● **What to do**: I would like every record reproduced exactly, with the pictures left out.

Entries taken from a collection
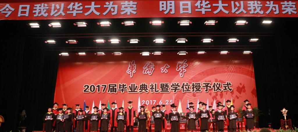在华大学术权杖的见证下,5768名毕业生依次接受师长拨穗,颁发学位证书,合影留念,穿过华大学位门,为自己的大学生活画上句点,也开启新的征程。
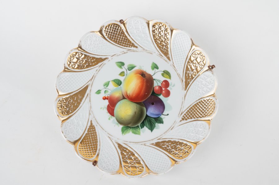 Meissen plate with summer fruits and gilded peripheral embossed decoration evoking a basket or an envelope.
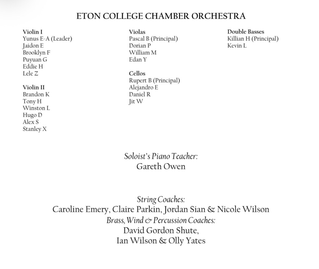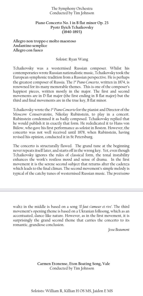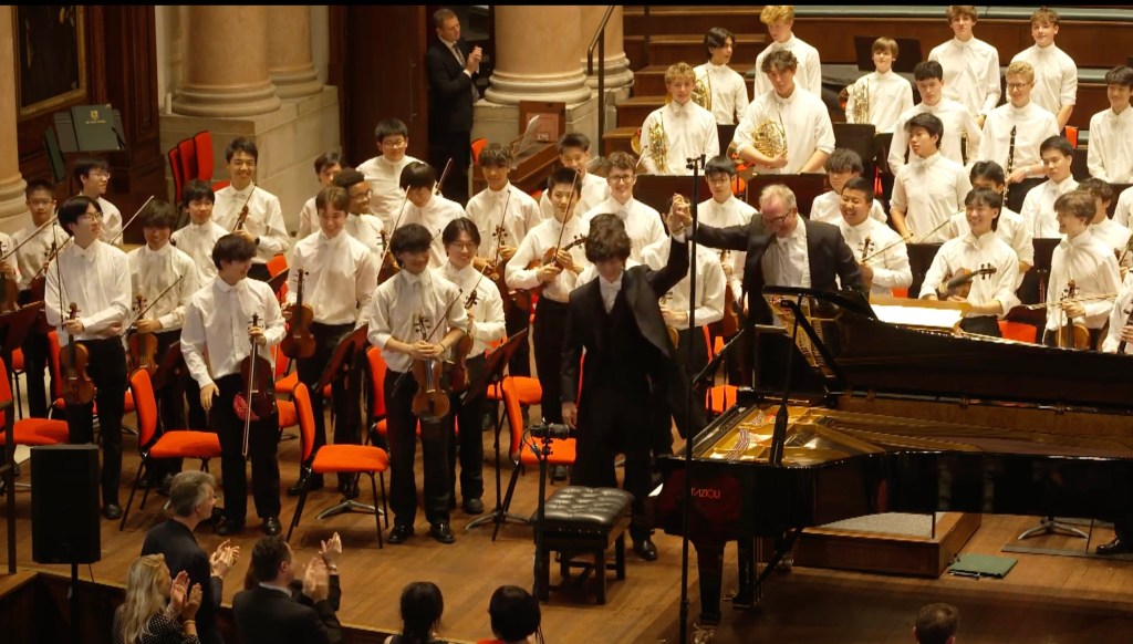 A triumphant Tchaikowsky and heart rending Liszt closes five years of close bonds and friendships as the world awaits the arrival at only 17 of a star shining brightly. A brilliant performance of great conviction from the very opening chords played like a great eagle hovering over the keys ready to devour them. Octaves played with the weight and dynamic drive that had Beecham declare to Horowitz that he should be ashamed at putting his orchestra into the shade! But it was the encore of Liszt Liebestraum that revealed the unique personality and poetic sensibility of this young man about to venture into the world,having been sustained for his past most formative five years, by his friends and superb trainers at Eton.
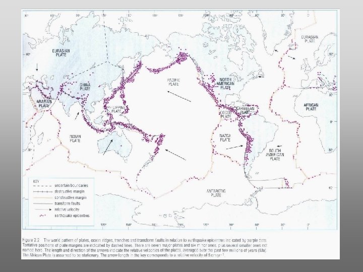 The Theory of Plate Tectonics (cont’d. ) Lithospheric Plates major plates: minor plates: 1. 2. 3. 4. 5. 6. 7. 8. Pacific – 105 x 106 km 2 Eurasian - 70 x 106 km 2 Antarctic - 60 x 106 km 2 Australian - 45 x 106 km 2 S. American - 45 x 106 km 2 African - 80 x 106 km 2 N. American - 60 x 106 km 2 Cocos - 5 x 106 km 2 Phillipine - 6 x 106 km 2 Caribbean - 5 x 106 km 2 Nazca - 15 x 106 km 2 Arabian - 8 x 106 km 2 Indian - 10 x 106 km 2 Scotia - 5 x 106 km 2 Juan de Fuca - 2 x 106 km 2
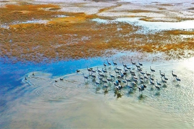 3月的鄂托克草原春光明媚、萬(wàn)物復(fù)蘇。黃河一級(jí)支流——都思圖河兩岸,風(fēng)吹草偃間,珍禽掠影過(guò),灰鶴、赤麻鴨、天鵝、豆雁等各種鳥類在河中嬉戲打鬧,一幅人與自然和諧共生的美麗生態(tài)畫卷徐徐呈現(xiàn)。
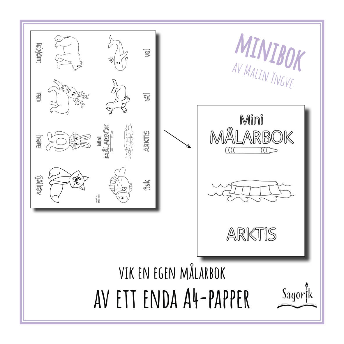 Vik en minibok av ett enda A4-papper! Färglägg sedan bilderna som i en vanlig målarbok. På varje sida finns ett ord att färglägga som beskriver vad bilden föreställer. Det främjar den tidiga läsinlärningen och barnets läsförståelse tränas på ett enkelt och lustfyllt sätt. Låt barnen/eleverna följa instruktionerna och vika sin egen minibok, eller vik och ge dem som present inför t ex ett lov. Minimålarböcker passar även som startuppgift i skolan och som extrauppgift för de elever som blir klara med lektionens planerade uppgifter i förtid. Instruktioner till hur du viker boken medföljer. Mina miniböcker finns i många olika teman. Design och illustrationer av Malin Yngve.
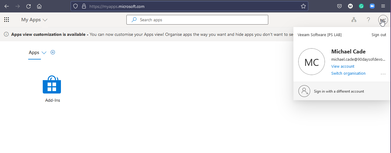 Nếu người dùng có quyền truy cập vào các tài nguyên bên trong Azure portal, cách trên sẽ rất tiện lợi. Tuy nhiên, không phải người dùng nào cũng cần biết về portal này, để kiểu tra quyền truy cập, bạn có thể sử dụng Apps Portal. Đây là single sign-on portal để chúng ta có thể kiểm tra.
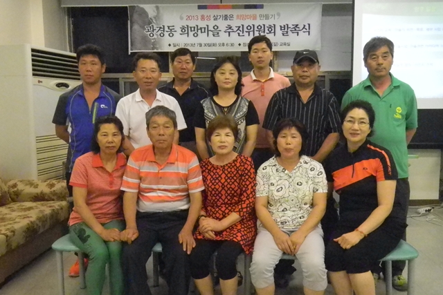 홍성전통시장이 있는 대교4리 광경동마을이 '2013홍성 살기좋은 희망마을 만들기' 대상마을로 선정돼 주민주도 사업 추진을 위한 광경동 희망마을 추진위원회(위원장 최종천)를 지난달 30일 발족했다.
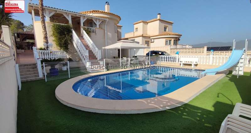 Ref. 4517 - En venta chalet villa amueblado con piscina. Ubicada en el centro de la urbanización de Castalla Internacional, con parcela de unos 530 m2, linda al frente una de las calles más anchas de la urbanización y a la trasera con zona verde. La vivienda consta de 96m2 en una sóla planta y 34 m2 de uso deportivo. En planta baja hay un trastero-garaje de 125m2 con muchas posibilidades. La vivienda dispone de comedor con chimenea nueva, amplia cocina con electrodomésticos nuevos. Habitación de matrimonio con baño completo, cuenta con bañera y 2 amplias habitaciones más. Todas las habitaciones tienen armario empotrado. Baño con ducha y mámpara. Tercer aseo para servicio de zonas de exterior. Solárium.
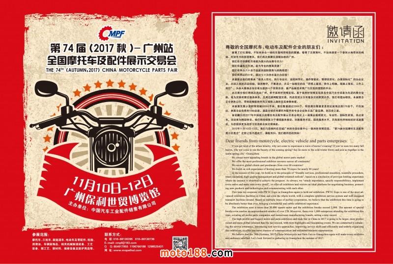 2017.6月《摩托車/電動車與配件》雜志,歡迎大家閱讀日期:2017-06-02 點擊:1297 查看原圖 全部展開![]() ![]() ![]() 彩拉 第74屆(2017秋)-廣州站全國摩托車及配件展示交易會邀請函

● **Response to this exercise**:
在华大学术权杖的见证下,5768名毕业生依次接受师长拨穗,颁发学位证书,合影留念,穿过华大学位门,为自己的大学生活画上句点,也开启新的征程。
 Meissen plate with summer fruits and gilded peripheral embossed decoration evoking a basket or an envelope.
 A triumphant Tchaikowsky and heart rending Liszt closes five years of close bonds and friendships as the world awaits the arrival at only 17 of a star shining brightly. A brilliant performance of great conviction from the very opening chords played like a great eagle hovering over the keys ready to devour them. Octaves played with the weight and dynamic drive that had Beecham declare to Horowitz that he should be ashamed at putting his orchestra into the shade! But it was the encore of Liszt Liebestraum that revealed the unique personality and poetic sensibility of this young man about to venture into the world,having been sustained for his past most formative five years, by his friends and superb trainers at Eton.
 The Theory of Plate Tectonics (cont’d. ) Lithospheric Plates major plates: minor plates: 1. 2. 3. 4. 5. 6. 7. 8. Pacific – 105 x 106 km 2 Eurasian - 70 x 106 km 2 Antarctic - 60 x 106 km 2 Australian - 45 x 106 km 2 S. American - 45 x 106 km 2 African - 80 x 106 km 2 N. American - 60 x 106 km 2 Cocos - 5 x 106 km 2 Phillipine - 6 x 106 km 2 Caribbean - 5 x 106 km 2 Nazca - 15 x 106 km 2 Arabian - 8 x 106 km 2 Indian - 10 x 106 km 2 Scotia - 5 x 106 km 2 Juan de Fuca - 2 x 106 km 2
 3月的鄂托克草原春光明媚、萬(wàn)物復(fù)蘇。黃河一級(jí)支流——都思圖河兩岸,風(fēng)吹草偃間,珍禽掠影過(guò),灰鶴、赤麻鴨、天鵝、豆雁等各種鳥類在河中嬉戲打鬧,一幅人與自然和諧共生的美麗生態(tài)畫卷徐徐呈現(xiàn)。
 Vik en minibok av ett enda A4-papper! Färglägg sedan bilderna som i en vanlig målarbok. På varje sida finns ett ord att färglägga som beskriver vad bilden föreställer. Det främjar den tidiga läsinlärningen och barnets läsförståelse tränas på ett enkelt och lustfyllt sätt. Låt barnen/eleverna följa instruktionerna och vika sin egen minibok, eller vik och ge dem som present inför t ex ett lov. Minimålarböcker passar även som startuppgift i skolan och som extrauppgift för de elever som blir klara med lektionens planerade uppgifter i förtid. Instruktioner till hur du viker boken medföljer. Mina miniböcker finns i många olika teman. Design och illustrationer av Malin Yngve.
 Nếu người dùng có quyền truy cập vào các tài nguyên bên trong Azure portal, cách trên sẽ rất tiện lợi. Tuy nhiên, không phải người dùng nào cũng cần biết về portal này, để kiểu tra quyền truy cập, bạn có thể sử dụng Apps Portal. Đây là single sign-on portal để chúng ta có thể kiểm tra.
 홍성전통시장이 있는 대교4리 광경동마을이 '2013홍성 살기좋은 희망마을 만들기' 대상마을로 선정돼 주민주도 사업 추진을 위한 광경동 희망마을 추진위원회(위원장 최종천)를 지난달 30일 발족했다.
 Ref. 4517 - En venta chalet villa amueblado con piscina. Ubicada en el centro de la urbanización de Castalla Internacional, con parcela de unos 530 m2, linda al frente una de las calles más anchas de la urbanización y a la trasera con zona verde. La vivienda consta de 96m2 en una sóla planta y 34 m2 de uso deportivo. En planta baja hay un trastero-garaje de 125m2 con muchas posibilidades. La vivienda dispone de comedor con chimenea nueva, amplia cocina con electrodomésticos nuevos. Habitación de matrimonio con baño completo, cuenta con bañera y 2 amplias habitaciones más. Todas las habitaciones tienen armario empotrado. Baño con ducha y mámpara. Tercer aseo para servicio de zonas de exterior. Solárium.
 2017.6月《摩托車/電動車與配件》雜志,歡迎大家閱讀日期:2017-06-02 點擊:1297 查看原圖 全部展開![]() ![]() ![]() 彩拉 第74屆(2017秋)-廣州站全國摩托車及配件展示交易會邀請函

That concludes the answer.